RECORDS SUPPLIED below:

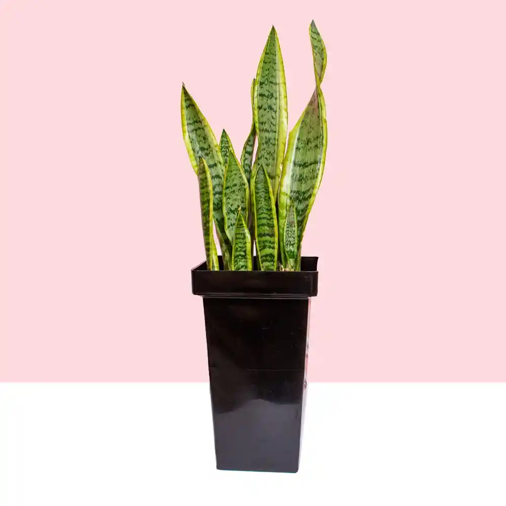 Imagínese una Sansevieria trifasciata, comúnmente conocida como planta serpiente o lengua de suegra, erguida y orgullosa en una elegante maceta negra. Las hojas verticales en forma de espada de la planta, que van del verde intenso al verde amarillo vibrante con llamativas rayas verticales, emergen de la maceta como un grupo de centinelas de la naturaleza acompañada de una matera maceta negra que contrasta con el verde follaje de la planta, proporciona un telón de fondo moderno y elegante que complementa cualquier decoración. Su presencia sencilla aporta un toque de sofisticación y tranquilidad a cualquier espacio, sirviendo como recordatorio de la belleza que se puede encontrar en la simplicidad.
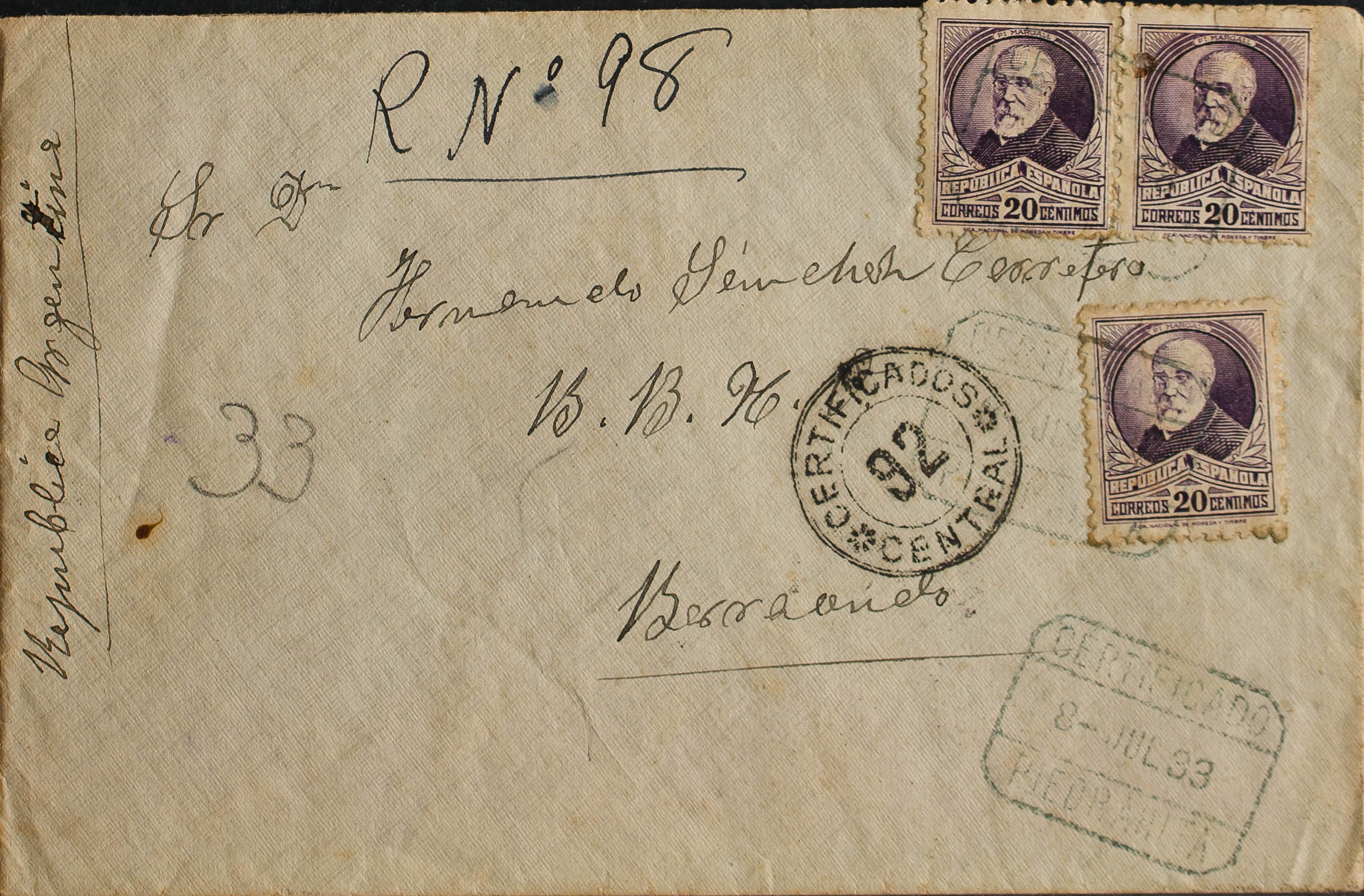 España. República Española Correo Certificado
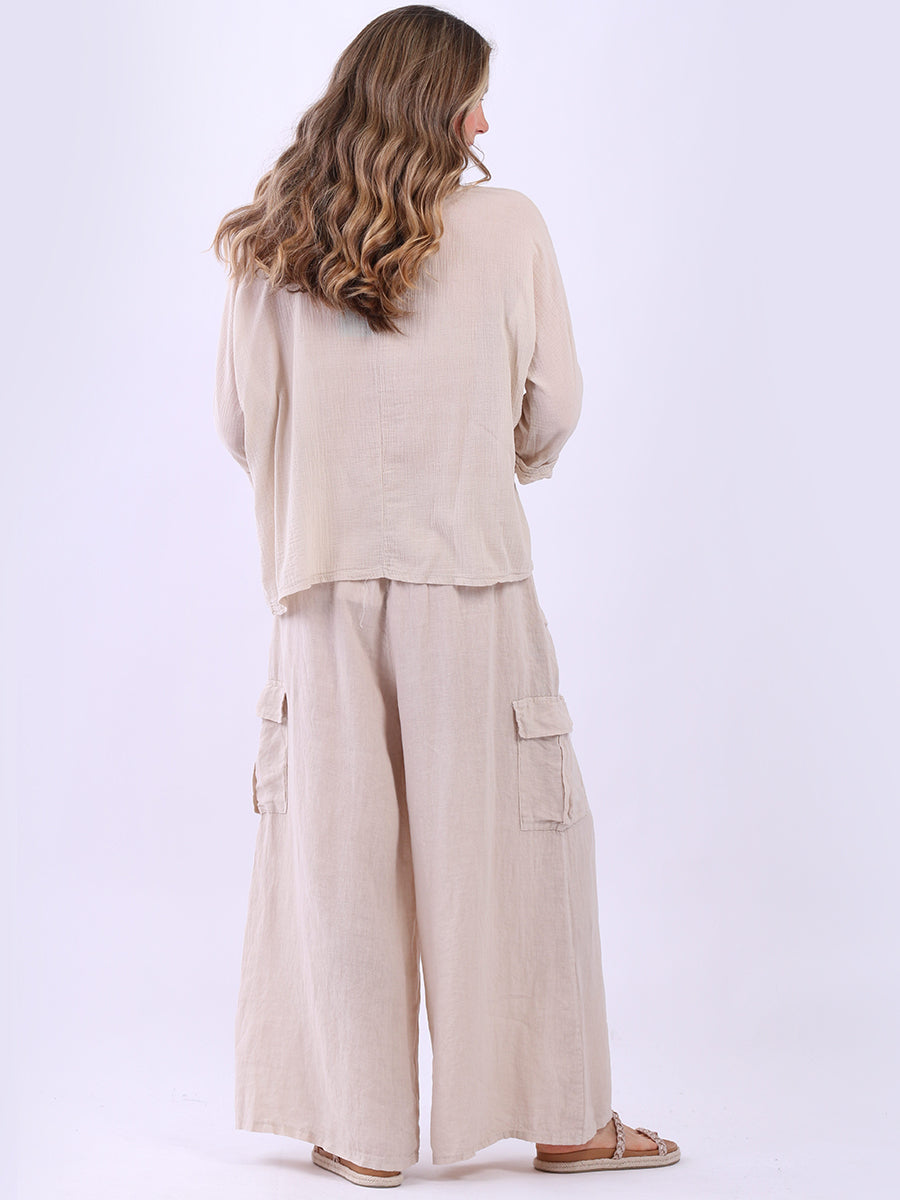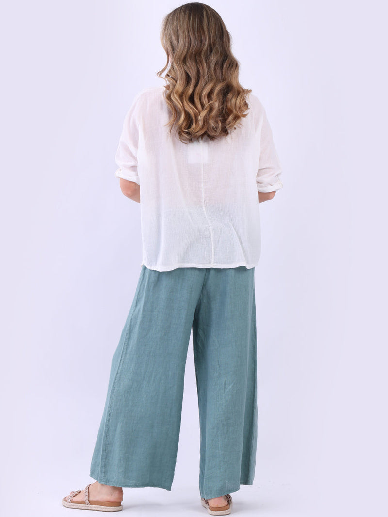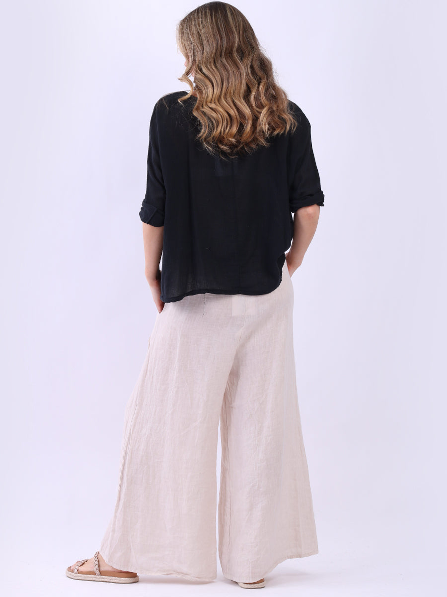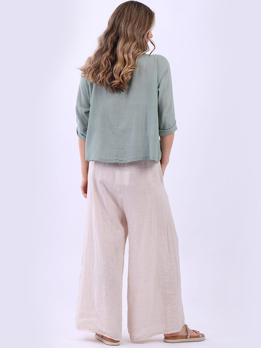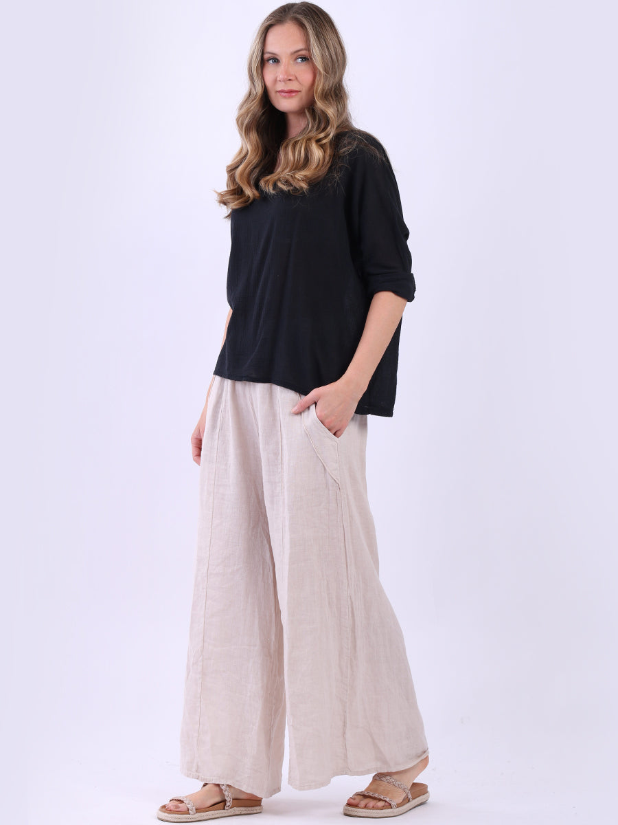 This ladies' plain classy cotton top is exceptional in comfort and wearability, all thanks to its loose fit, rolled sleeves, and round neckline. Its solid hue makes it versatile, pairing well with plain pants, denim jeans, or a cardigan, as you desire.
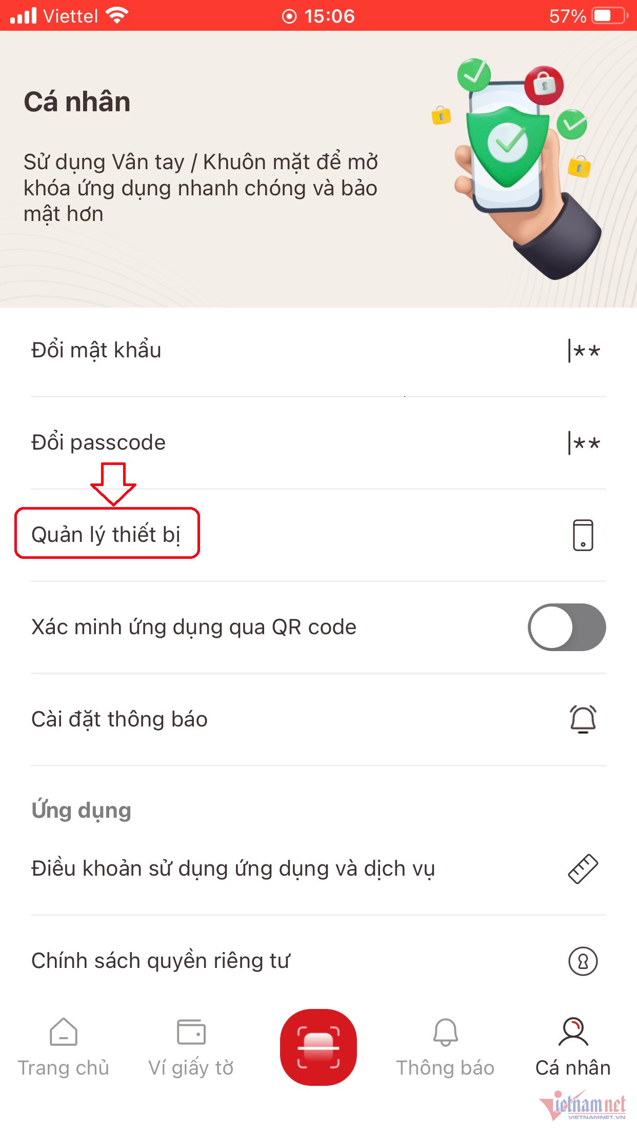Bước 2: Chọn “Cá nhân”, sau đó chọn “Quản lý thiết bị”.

End of RECORDS SUPPLIED.
RECORDS SUPPLIED below:

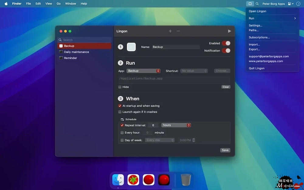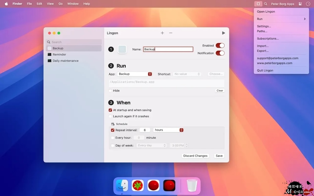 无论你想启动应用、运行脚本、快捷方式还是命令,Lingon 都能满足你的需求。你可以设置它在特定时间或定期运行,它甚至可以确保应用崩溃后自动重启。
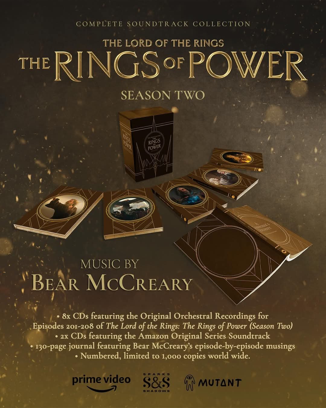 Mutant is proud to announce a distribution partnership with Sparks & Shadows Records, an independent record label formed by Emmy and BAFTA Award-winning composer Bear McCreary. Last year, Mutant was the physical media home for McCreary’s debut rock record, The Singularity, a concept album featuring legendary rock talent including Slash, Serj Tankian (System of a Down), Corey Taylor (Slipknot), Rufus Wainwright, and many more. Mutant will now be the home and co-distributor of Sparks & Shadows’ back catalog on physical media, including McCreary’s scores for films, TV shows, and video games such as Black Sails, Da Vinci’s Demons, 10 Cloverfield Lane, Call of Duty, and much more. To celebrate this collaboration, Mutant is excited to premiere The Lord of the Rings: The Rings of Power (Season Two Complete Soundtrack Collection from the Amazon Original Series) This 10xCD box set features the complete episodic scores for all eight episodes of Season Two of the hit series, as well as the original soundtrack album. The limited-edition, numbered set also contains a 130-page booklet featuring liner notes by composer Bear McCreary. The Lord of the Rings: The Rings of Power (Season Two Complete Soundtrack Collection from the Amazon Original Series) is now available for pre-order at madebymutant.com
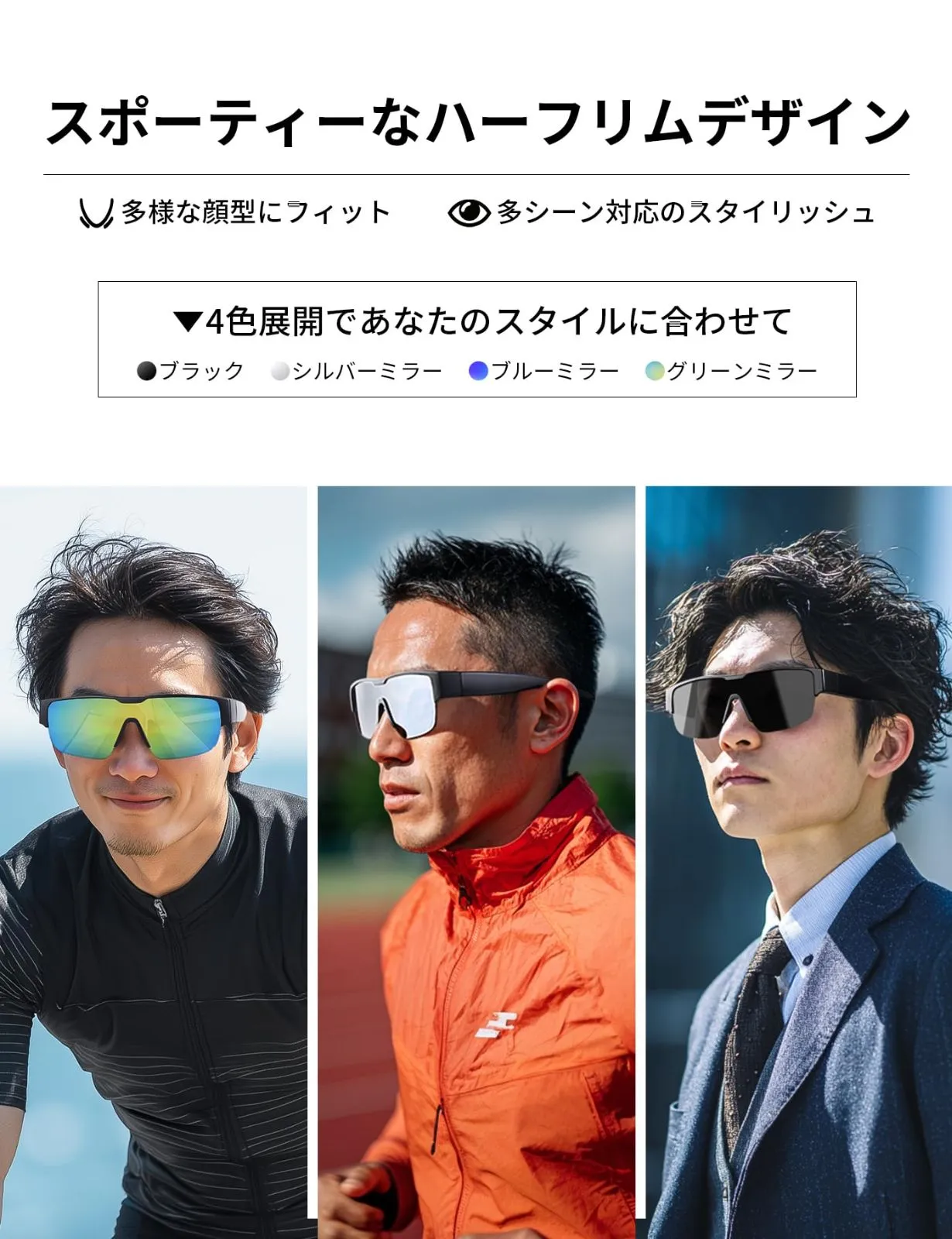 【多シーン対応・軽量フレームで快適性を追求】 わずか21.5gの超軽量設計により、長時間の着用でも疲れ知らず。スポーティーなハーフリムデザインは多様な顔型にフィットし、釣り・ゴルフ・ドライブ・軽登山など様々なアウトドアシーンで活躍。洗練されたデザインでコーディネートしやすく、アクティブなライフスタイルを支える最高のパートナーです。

End of RECORDS SUPPLIED.

Leaving each picture behind, please give again exactly the lines above from the one with "España. República Española" through the one with "Bước 2: Chọn", both included, and no others.

[THE ANSWER]
 España. República Española Correo Certificado
 This ladies' plain classy cotton top is exceptional in comfort and wearability, all thanks to its loose fit, rolled sleeves, and round neckline. Its solid hue makes it versatile, pairing well with plain pants, denim jeans, or a cardigan, as you desire.
Bước 2: Chọn “Cá nhân”, sau đó chọn “Quản lý thiết bị”.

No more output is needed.